Launching an inquiry into murdered and missing indigenous women and adopting the United Nations Declaration on the Rights of Indigenous Peoples were good and easy first steps.
But Mr. Trudeau has yet to deliver on the promise, outlined in his mandate letter to new Justice Minister Jody Wilson-Raybould, to review federal litigation and "end appeals or positions that are not consistent with our commitments, the Charter or our values."
One case that needs to be reviewed is taking place in the Supreme Court of British Columbia, where Ottawa is battling with five Vancouver Island bands over fishing rights. The fishing-rights case is troubling because the bands, in a lengthy trial and appeal, have already won the right to have commercial fisheries. In 2009, Justice Nicole Garson of the B.C. Supreme Court ruled the bands, all part of the Nuu-chah-nulth First Nations on the west coast of Vancouver Island, "have aboriginal rights to fish for any species of fish in the environs of their territories and to sell fish."
Justice Garson said the bands had harvested and traded in fish long before the arrival of Europeans, and must be allowed to continue to do so.
But taking into account the realities and complexities of the larger society that has developed in British Columbia over the past century, she said the bands do not have the right to fish "on a large industrial scale." Justice Garson called on Fisheries and Oceans Canada – still known by its former acronym DFO – to negotiate an agreement that accommodated the rights of the bands, "without jeopardizing Canada's legislative objectives and societal interests in regulating the fishery."
That kind of a deal should have been negotiable, but talks between the DFO and the bands failed – and the whole matter went back to court, with First Nations arguing the government only offered a fishery with unfair catch limitations.
Last week, the trial reached Day 99, and about another 60 days of argument are expected. This marathon legal battle doesn't seem to fit Mr. Trudeau's vision of a new, respectful relationship.
"No relationship is more important to me and to Canada that the one with Indigenous Peoples," Mr. Trudeau wrote in his mandate letter to ministers. "It is time for a renewed, nation-to-nation relationship with Indigenous Peoples, based on recognition of rights, respect, co-operation and partnership."
Justice Garson, in a legal manner, said pretty much the same thing in her 2009 judgment – but six years later the fight continues.
Creating a new commercial fishery, when existing fisheries are already in place, is not going to be easy. The halibut, salmon and herring catches are already fully allocated. But the important thing to remember is that the courts have ruled the Nuu-chah-nulth were the first to have a commercial fishery, and it was unfairly taken away from them. So it must be restored.
There was a time when almost every Nuu-chah-nulth family fished and traded the catch.
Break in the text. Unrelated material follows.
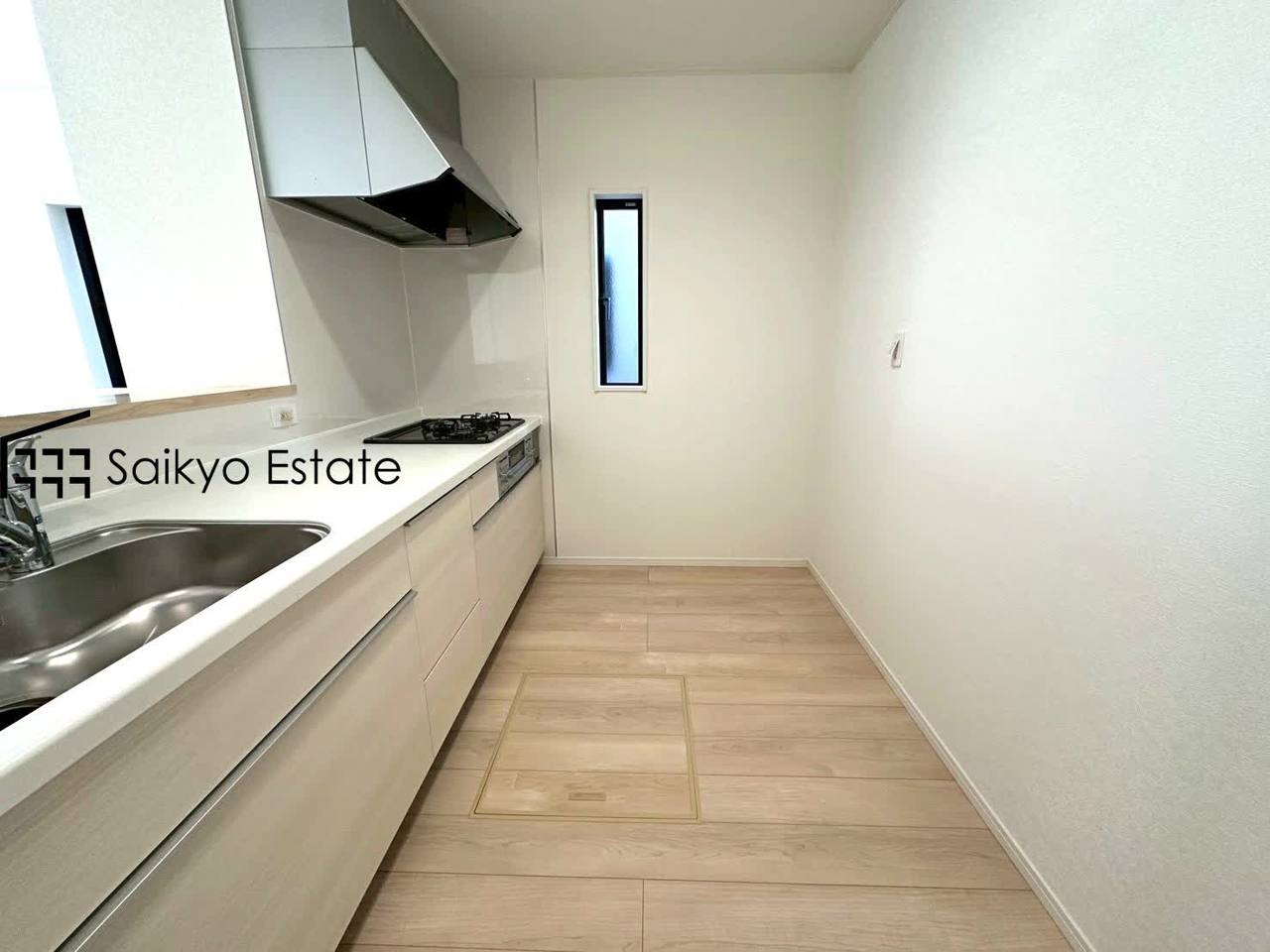 毎日の家事はより快適・便利に!ご家族様との会話を楽しみながら家事ができる対面キッチン。バックスペースは冷蔵庫やカップボードを配置しても充分な広さがあります。

It was the basis of their economy and culture. Now their boats, pushed out of the commercial fishery by high licence prices and a limited availability of licences, sit idle at the dock.
In her decision, Justice Garson quoted the evidence of Stanley Sam, then 78, to illustrate how fishing in the village of Ahousaht has been restricted in his lifetime.
"What changes there is today, you see all the boats on the shore there, you see 12 boats, all destroyed, because the sea is all closed, you don't see people in their boat any more," he said, speaking in his rough but evocative English. "You see there, you take a picture of it, and it shows around the whole world how we suffer today."
The sea remains closed to the Nuu-chah-nulth because the government is still fighting them in court. Mr. Trudeau might want to ask his justice and fisheries ministers why this case is still being pursued.